Our website uses cookies to provide you with a good user experience as you move through our website. Cookies are are text files containing small amounts of information, often including a unique identifier, which are downloaded to your computer when you visit a website - if your browser preferences allow it. Cookies are then accessed by the originating website on each subsequent visit. Cookies are useful because they allow a website to recognise a user’s computer.

If you wish to restrict or block the cookies which are used on our website, you can do this this through your browser settings.

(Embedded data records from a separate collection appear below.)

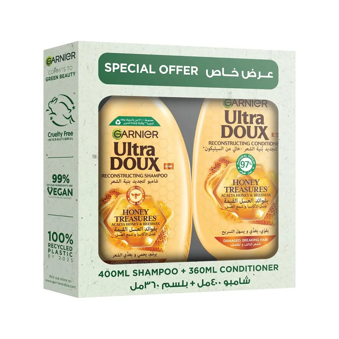 Discover the restorative power of nature with Garnier Honey Treasures Shampoo & Conditioner. This exceptional hair care duo is specifically designed to breathe life back into fragile and damaged hair. Our unique formula is enriched with a powerful blend of Royal Jelly, known for its reparative properties, Protective Propolis, a natural shield against damage, and Nourishing Honey, a time-tested moisturizer.
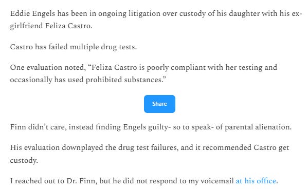 As I exposed in the first article, Dr. Finn is a quack, with a long history of evaluations not grounded in any kind of sound psychology.
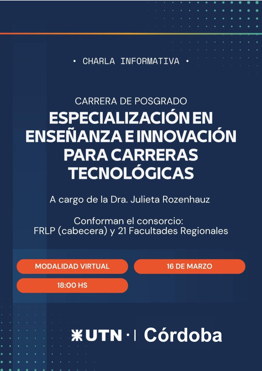 | Especialización en Enseñanza e Innovación para Carreras Tecnológicas Maestro M. Lopez esq. Cruz Roja Argentina - Ciudad Universitaria |
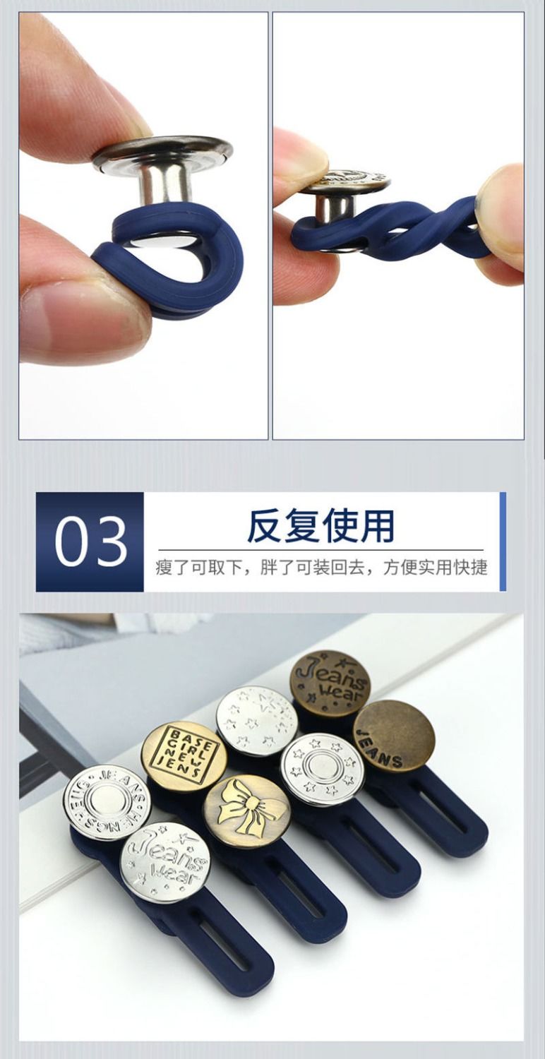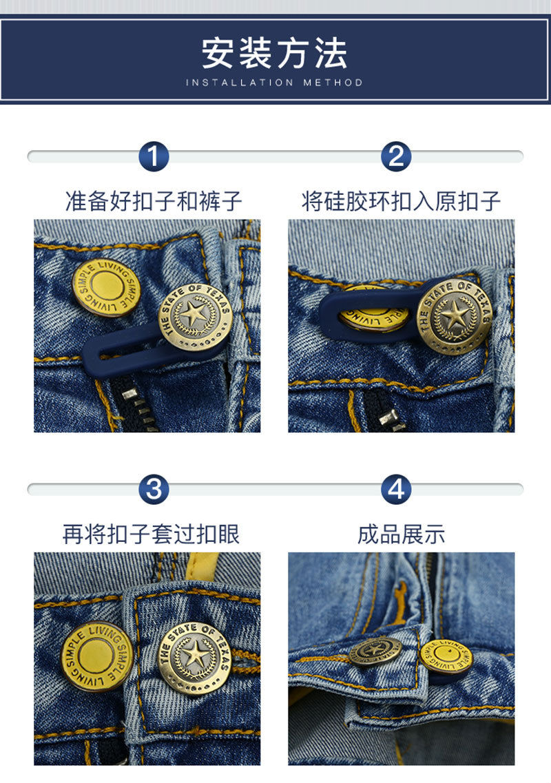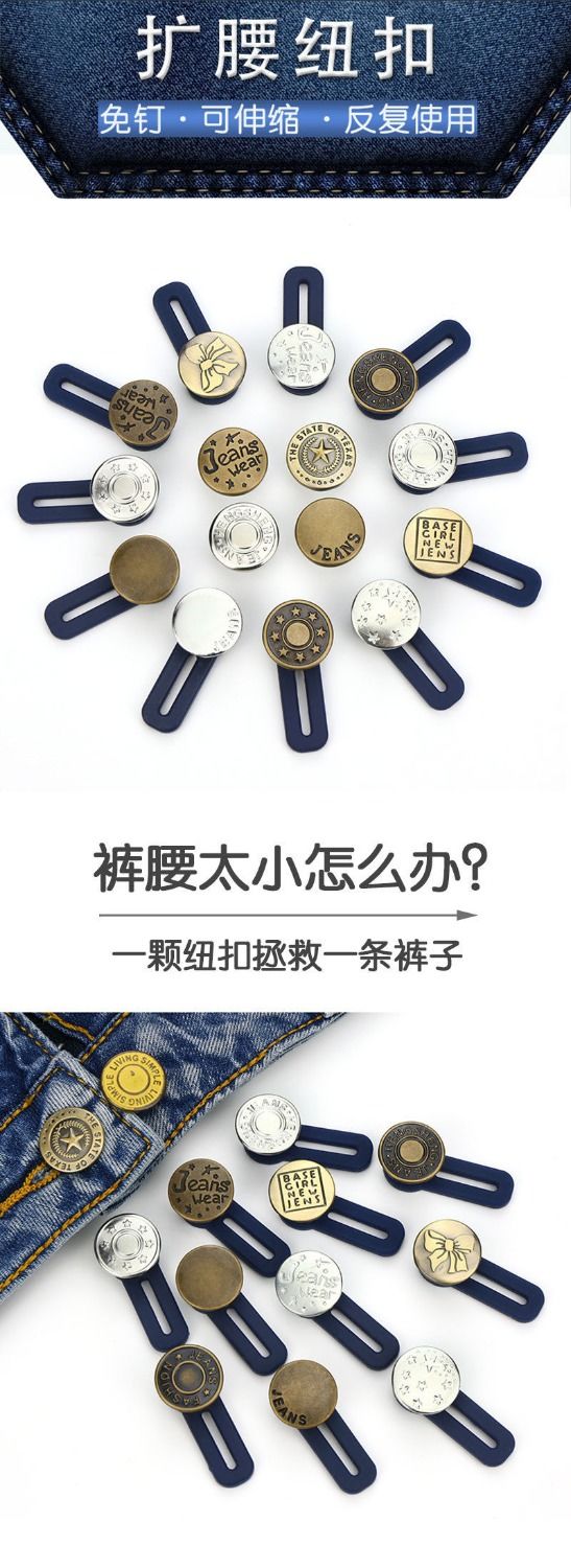 调节扣腰围大小 免缝牛仔裤扩腰纽扣裤,

7. Other websites and web applications

Our website may contain links to third party websites or applications. V&A Design Dundee is not responsible for the privacy policy of services on third party websites (for example Facebook, Twitter, YouTube, etc). These applications are owned and operated by third parties, and are governed by their own specific terms. You should refer to the appropriate privacy policies of each individual third party website for further information about them and their terms. We will not accept responsibility for third party applications or for any loss or damage arising from your use of them.

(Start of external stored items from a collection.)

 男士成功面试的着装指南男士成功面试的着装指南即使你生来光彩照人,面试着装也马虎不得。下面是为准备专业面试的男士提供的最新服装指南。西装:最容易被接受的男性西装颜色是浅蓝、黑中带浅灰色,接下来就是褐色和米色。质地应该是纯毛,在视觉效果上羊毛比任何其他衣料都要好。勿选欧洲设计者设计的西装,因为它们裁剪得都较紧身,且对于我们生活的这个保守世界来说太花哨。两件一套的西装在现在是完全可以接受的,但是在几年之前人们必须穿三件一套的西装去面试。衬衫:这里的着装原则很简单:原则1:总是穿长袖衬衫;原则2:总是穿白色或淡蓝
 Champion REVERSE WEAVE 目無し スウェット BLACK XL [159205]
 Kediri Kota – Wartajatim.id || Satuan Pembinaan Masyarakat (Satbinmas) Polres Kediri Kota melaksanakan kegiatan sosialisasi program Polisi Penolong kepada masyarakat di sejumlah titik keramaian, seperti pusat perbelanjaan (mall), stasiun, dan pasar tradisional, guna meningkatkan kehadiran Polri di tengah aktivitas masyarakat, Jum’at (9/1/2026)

8. Disclosure of your information

Design Dundee Limited will share your personal information with:

Dundee Museums Foundation; a Scottish Charitable Incorporated Organisation, registered Scottish Charity No: SC043889, registered office address 34 Reform Street, Dundee , DD1 1RJ, strictly for the purposes of record keeping, if you have made any donations and for marketing and fundraising for V&A Dundee. Dundee Museums Foundation will not share your personal information with any third party and will remove your personal information from its records either on request by you (except in relation to donations) or once no longer required, whichever is the earlier.

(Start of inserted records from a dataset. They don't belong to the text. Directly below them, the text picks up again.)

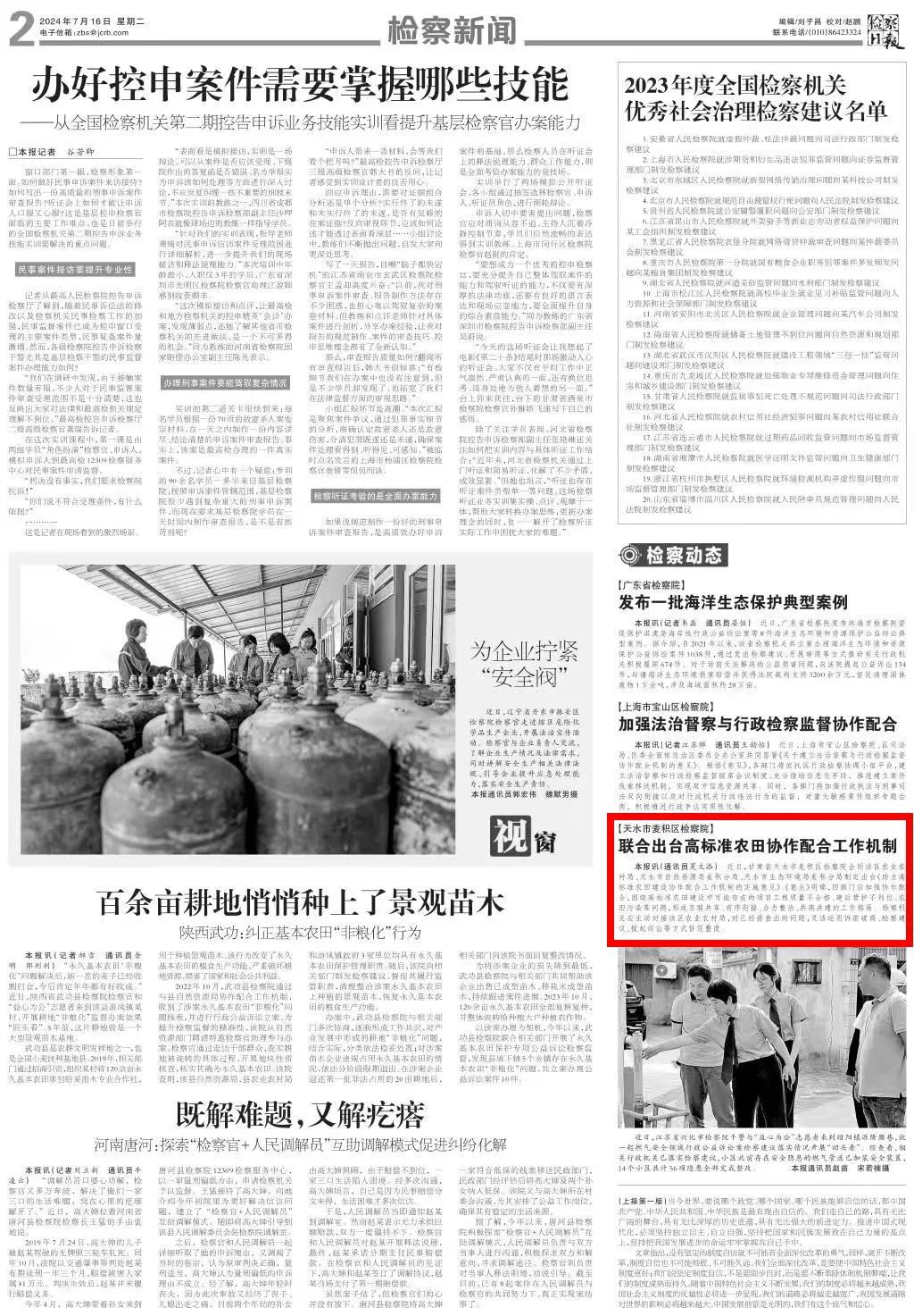 2024年7月16日,检察日报刊发《天水市麦积区司机社:联合出台高标准农田协作配合工作机制》。
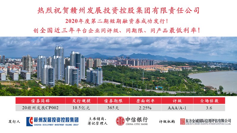 4月16日,集團2020年第二期短期融資券成功發(fā)行,發(fā)行規(guī)模10.5億元,期限1年,票面利率2.25%,創(chuàng)全國近三年平臺企業(yè)同評級、同期限、同產(chǎn)品最低利率。
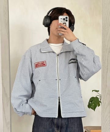 ストライプワークシャツジャケット
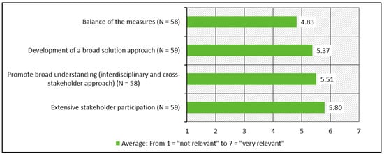 However, in order to achieve jointly supported results within the setting of such a dialogue process, all relevant stakeholders must be prepared to participate, i.e., the pressure to act must have been recognized in principle. In addition, good general conditions must be created for the process and various principles for success must be observed. Following the Harvard concept [] and analyses of stakeholder dialogues in the environmental sector based on it [], the following aspects in particular were taken into account:
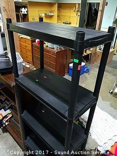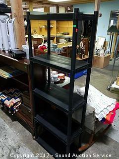 Has 5 shelves. Approx. 24" long, 12" deep, 60" tall.
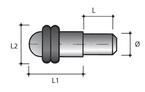Diametre : 5 mm. L = 8 mm, L1 = 11 mm, L2 = 9 mm.
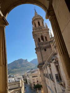 Y así fue como, al fondo de otra calle estrecha, aparece la segunda torre. Y cuando llegamos al final para desembocar en la plaza de Santa María, ese amor a primera vista. ¡Qué maravilla! ¡Qué fachada! ¡Qué joya! ¡Qué preciosidad! ¡Qué simetría y elegancia! ¡Qué estatuaria! ¡Y esa balconada! Lo decía mi amigo Luis G. Chacón: “La de Jaén es una de las grandes catedrales de España. Lamentablemente, muy desconocida”.

Third party data processors for distributing marketing materials. Where we do this, we require all third parties to respect the security of your personal data and to treat it in accordance with the law. We do not allow our third-party service providers to use your personal data for their own purposes and only permit them to process your personal data for specified purposes and in accordance with our instructions.

We may disclose your personal information if we are under a legal obligation to do so.

If we go through a period of transition that involves selling or buying any business or assets, we may disclose your personal information to the prospective seller or buyer. If we or all of our assets are acquired, the data we hold on our marketing database may be one of the transferred assets.

Other than as set out in this Policy, we will not otherwise disclose your personal information to third parties without asking your permission first or without a legally valid request (except when we believe in good faith that the disclosure of information is necessary).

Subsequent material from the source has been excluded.